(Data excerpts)
----

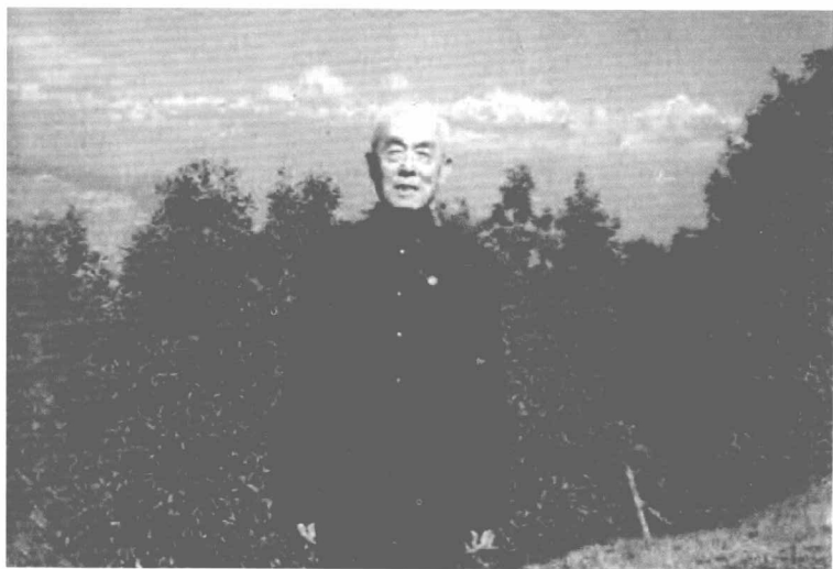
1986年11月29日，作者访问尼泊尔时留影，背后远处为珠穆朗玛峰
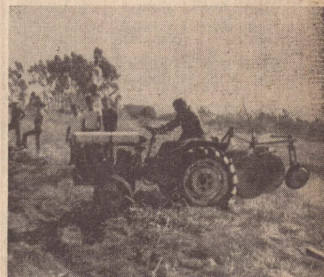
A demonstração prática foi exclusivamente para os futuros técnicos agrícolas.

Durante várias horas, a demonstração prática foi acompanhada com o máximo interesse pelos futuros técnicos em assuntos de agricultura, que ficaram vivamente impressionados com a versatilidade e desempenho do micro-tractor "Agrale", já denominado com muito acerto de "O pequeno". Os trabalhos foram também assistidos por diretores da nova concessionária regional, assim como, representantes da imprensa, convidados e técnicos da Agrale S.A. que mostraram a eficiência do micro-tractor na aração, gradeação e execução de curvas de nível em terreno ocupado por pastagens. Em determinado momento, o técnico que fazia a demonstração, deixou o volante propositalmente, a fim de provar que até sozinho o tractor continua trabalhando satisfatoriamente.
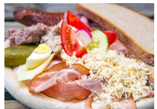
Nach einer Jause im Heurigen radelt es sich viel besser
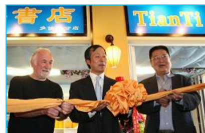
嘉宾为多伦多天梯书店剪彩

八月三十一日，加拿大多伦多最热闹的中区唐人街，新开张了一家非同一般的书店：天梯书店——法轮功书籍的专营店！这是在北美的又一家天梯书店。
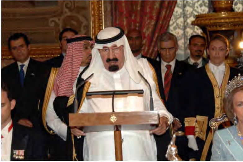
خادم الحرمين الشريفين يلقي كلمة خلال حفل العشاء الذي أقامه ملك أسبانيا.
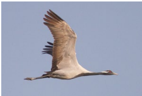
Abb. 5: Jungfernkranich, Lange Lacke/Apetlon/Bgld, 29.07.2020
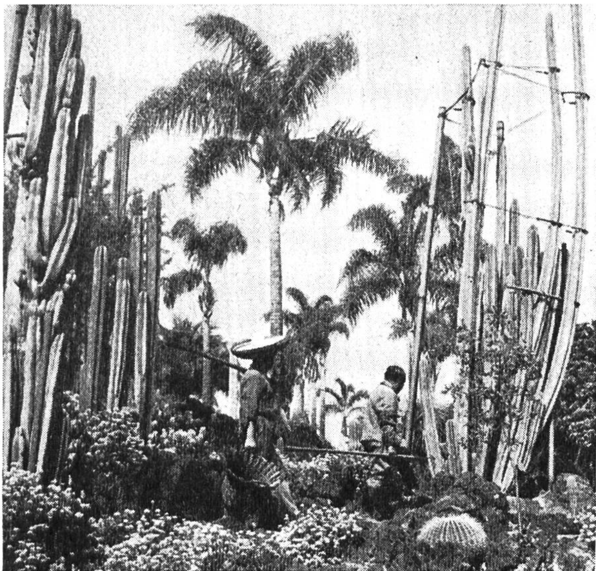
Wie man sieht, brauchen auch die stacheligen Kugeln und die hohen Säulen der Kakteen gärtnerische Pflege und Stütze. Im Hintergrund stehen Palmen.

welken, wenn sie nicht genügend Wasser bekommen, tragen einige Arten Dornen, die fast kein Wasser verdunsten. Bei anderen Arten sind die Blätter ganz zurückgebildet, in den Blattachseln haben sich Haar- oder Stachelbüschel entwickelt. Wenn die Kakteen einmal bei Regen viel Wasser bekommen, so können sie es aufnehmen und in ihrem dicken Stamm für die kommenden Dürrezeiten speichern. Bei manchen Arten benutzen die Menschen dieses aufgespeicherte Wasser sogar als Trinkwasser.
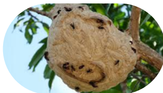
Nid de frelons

----

● Directions
A verbatim copy is needed of the lines running from the line with "Abb. 5: Jungfernkranich, Lange" to the end of the data above, both included. Keep the pictures out of it.

● Response box
Abb. 5: Jungfernkranich, Lange Lacke/Apetlon/Bgld, 29.07.2020
Wie man sieht, brauchen auch die stacheligen Kugeln und die hohen Säulen der Kakteen gärtnerische Pflege und Stütze. Im Hintergrund stehen Palmen.

welken, wenn sie nicht genügend Wasser bekommen, tragen einige Arten Dornen, die fast kein Wasser verdunsten. Bei anderen Arten sind die Blätter ganz zurückgebildet, in den Blattachseln haben sich Haar- oder Stachelbüschel entwickelt. Wenn die Kakteen einmal bei Regen viel Wasser bekommen, so können sie es aufnehmen und in ihrem dicken Stamm für die kommenden Dürrezeiten speichern. Bei manchen Arten benutzen die Menschen dieses aufgespeicherte Wasser sogar als Trinkwasser.
Nid de frelons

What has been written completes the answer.